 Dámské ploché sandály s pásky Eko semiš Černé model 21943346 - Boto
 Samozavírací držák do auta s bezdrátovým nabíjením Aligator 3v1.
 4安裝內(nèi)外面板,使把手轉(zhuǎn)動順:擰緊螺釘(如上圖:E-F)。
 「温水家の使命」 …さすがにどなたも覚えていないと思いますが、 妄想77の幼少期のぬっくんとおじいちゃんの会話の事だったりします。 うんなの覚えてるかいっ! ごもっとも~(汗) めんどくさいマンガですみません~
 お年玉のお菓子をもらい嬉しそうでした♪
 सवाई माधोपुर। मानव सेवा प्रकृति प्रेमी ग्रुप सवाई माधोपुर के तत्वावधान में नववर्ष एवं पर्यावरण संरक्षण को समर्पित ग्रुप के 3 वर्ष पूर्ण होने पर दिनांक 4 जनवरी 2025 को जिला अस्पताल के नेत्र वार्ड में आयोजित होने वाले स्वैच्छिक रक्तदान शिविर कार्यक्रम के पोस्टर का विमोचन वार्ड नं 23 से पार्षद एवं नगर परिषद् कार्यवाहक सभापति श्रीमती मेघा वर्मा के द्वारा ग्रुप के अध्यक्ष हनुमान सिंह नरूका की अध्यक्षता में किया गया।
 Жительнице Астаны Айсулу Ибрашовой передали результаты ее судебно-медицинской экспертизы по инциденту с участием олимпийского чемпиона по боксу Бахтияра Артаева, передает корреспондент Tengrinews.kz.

◇ ◇ ◇ ◇ ◇

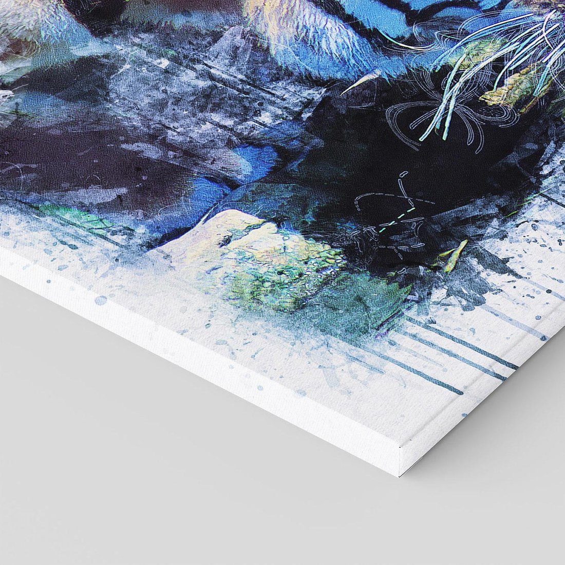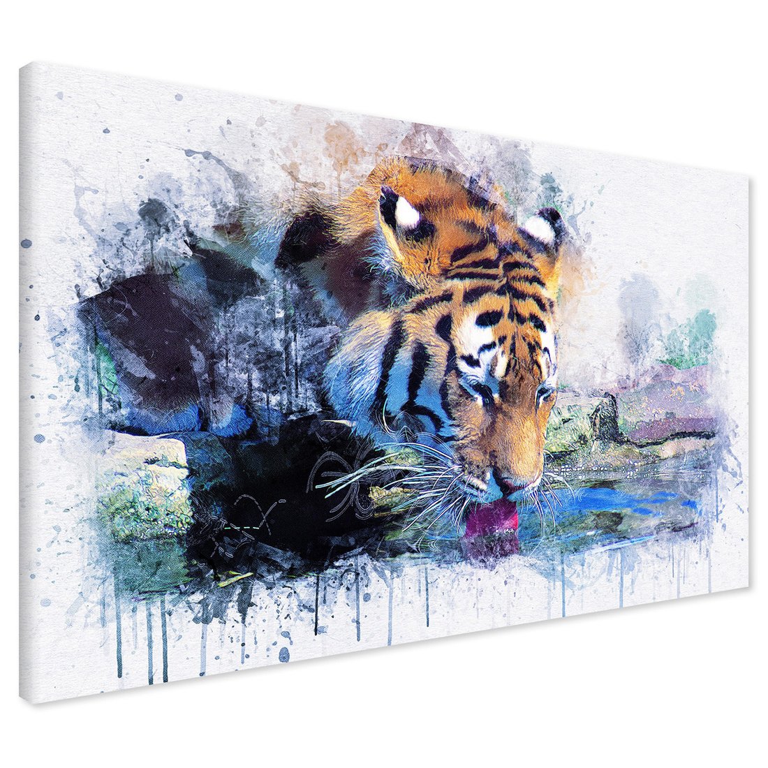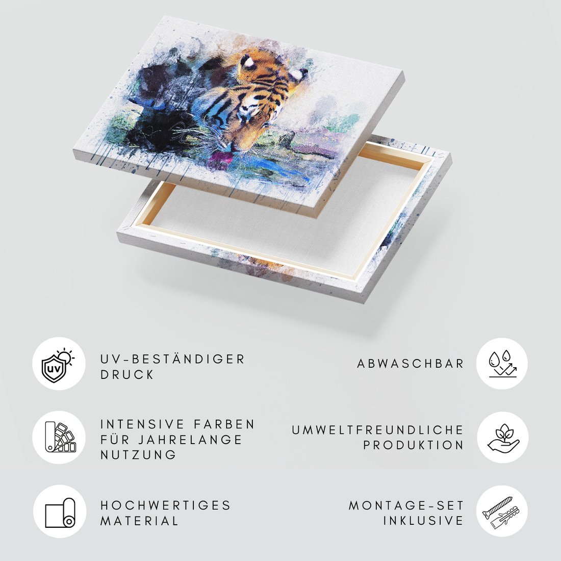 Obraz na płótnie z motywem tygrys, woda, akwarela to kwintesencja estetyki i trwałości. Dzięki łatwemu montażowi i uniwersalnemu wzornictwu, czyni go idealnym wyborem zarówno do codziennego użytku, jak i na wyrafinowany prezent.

◇ ◇ ◇ ◇ ◇

Print exactly the lines above, between the one holding "お年玉のお菓子をもらい嬉しそうでした♪" and the one holding "Жительнице Астаны Айсулу", inclusive, and nothing besides.

 お年玉のお菓子をもらい嬉しそうでした♪
 सवाई माधोपुर। मानव सेवा प्रकृति प्रेमी ग्रुप सवाई माधोपुर के तत्वावधान में नववर्ष एवं पर्यावरण संरक्षण को समर्पित ग्रुप के 3 वर्ष पूर्ण होने पर दिनांक 4 जनवरी 2025 को जिला अस्पताल के नेत्र वार्ड में आयोजित होने वाले स्वैच्छिक रक्तदान शिविर कार्यक्रम के पोस्टर का विमोचन वार्ड नं 23 से पार्षद एवं नगर परिषद् कार्यवाहक सभापति श्रीमती मेघा वर्मा के द्वारा ग्रुप के अध्यक्ष हनुमान सिंह नरूका की अध्यक्षता में किया गया।
 Жительнице Астаны Айсулу Ибрашовой передали результаты ее судебно-медицинской экспертизы по инциденту с участием олимпийского чемпиона по боксу Бахтияра Артаева, передает корреспондент Tengrinews.kz.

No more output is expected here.